Recent initiatives like SaskForward, which formed in 2017 as a means of constructing an alternative vision of “transformational change,” have brought together a coalition of civil society groups to work on charting a different political path for Saskatchewan. The Saskatchewan Federation of Labour has launched the Own It! campaign, designed to reach out across the labour movement to build a larger fight-back strategy and Unifor, CUPE, SEIU-West and SGEU have been vocal critics of the Saskatchewan Party's austerity agenda. Equally promising is that the Fight for $15 and Fairness movement that has been growing across North America has surfaced in the province. Meanwhile, the Saskatchewan Teachers Federation (STF) has remained virtually silent as their members face layoffs and significant funding cuts. Adding teachers to the chorus of anti-austerity efforts could create conditions for mass demonstrations against the government not unlike Ontario's Days of Action. If the Saskatchewan Union of Nurses (SUN) were to add their significant influence to the struggle by joining forces with healthcare unions already engaged in the fight, we are convinced that the movement would be a formidable obstacle to the government's austerity agenda.

What is required now is the capacity to bridge public sector austerity and labour struggles with the conditions of employment and poverty facing low-wage workers and sectors in Saskatchewan. There is also a need for engagement with the growing number of refugees, migrant workers, and immigrants that call the province home. Anti-colonial, anti-racism, and feminist struggles combined with environmental justice also need to become a mainstay of community mobilization. This must be done with a focus on enacting change at the local and provincial levels of government. Most importantly, it's critical that this energy is channeled into community-based movements, and not partisan political action alone. Recognizing that the NDP's time in government during the 1990s and 2000s was defined by its own brand of austerity should not be forgotten.
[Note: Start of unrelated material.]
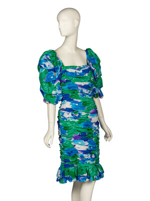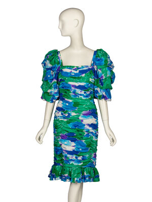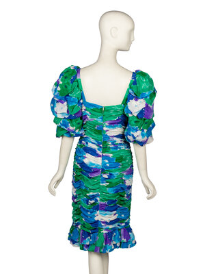 Knee-length cocktail dress in printed silk habotai with heavy ruching throughout. Square neckline. Elbow-length puff sleeves with ruching. Ruffles at hem. Zipper closure at back. Fully lined.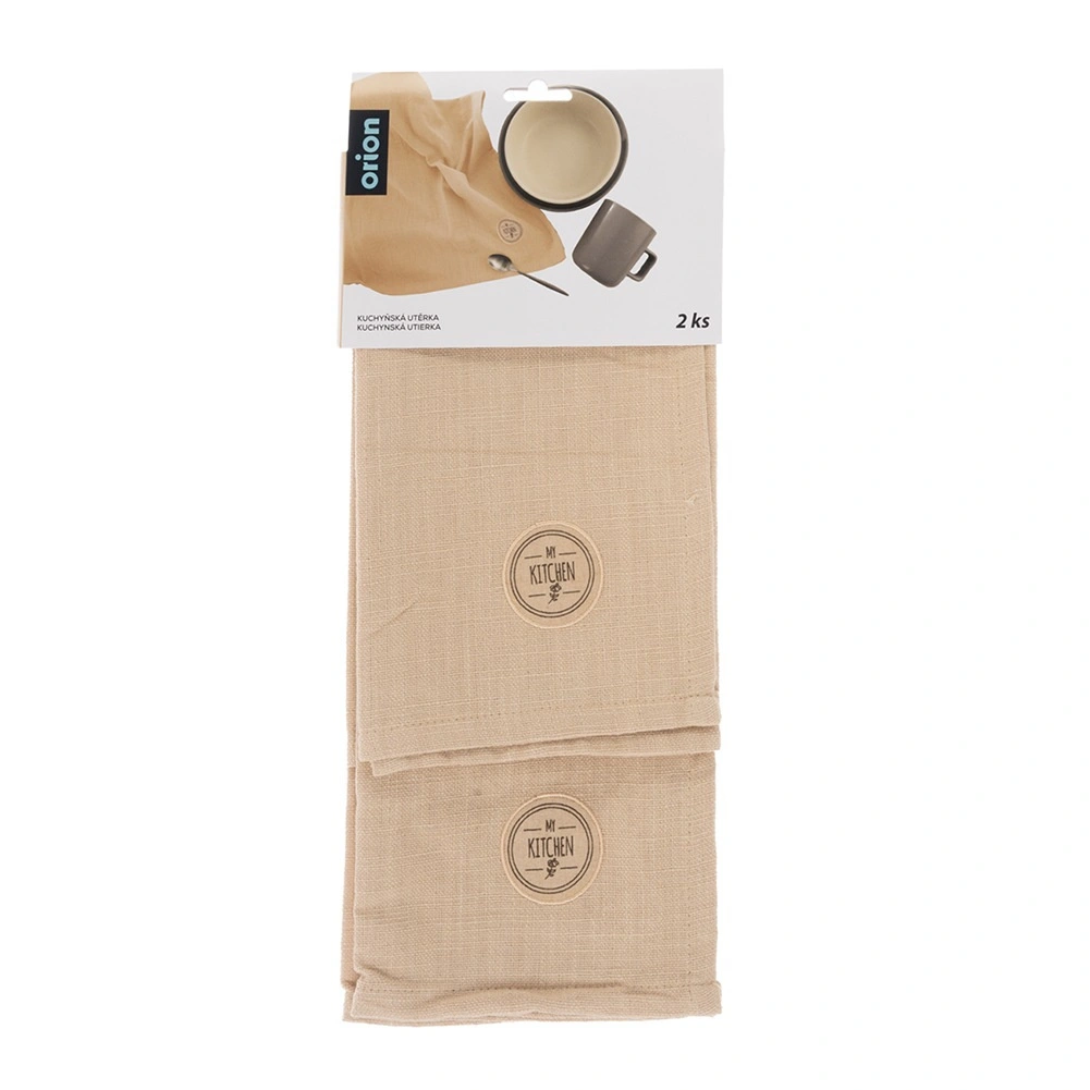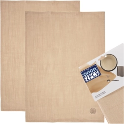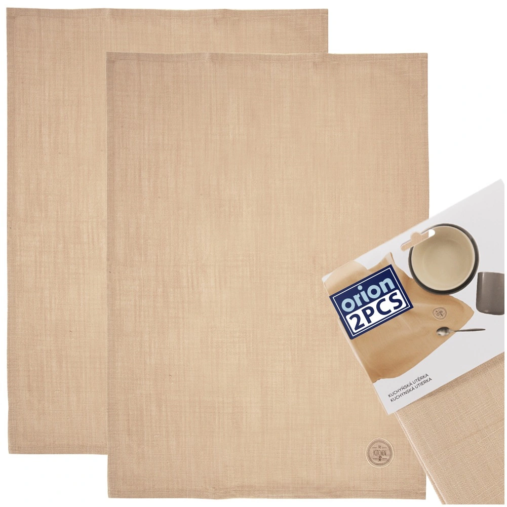 Setul de două prosoape de bucătărie bej, cu dimensiunile 70 × 50 cm, este ideal pentru utilizarea zilnică. 100% bumbac natural oferă o absorbție excelentă a umezelii și o senzație plăcută la atingere. Nuanța neutră se combină ușor cu diferite stiluri de bucătărie.

Now is the time to create a broader, inclusive, and democratic alternative to the austerity driven “Saskatchewan Advantage.”
- Larry Elliott writes that the growth of toxic populism can be seen as a natural response to "unpopulist" policies which have further enriched the wealthy at the expense of the public. And on that front, Alex Cobham and Petr Jansky tally up (PDF) the hundreds of billions of dollars of corporate taxes lost each year to a combination of lowered corporate tax rates and offshore tax avoidance.
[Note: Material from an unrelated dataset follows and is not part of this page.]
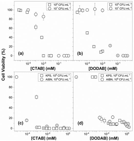 Candida albicans viability (%) (○) over a range of CTAB (a) or DODAB concentrations (b) in QAC dispersions in water as compared to data from [31] (□). Staphylococcus aureus viability (%) (○) over a range of CTAB (c) or DODAB concentrations (d) in the presence of PMMA/QAC NPs, as compared to data from [27] (□). QAC dispersions in water are CTAB micelles or DODAB BF. In (c,d), PMMA/QAC NPs were obtained by the emulsion polymerization of MMA in the presence of QACs. These NPs were obtained either using AIBN (○) or KPS (□) as the initiator. [MMA] and [QAC] used during particle synthesis were 0.56 M and 4.0 mM, respectively, for squares in (c), 0.4 M and 2.0 mM, respectively, for circles in (c,d), and 0.56 M and 10 mM, respectively, for squares in (d).

- Sid Ryan argues that this year's federal budget represents the return of the traditional, cynical Liberal Party - though I'm not sure when they're supposed to have gone away.

- Greg Suttor points to Canada's history of social housing development as showing the importance of the federal initiative that's sorely lacking under Justin Trudeau. And Kent Driscoll reports on the dire state of housing in Nunavut due to a lack of public investment.

- Finally, Jon Stone points out a multipartisan UK report favouring the introduction of separate parental leave for each parent in a family.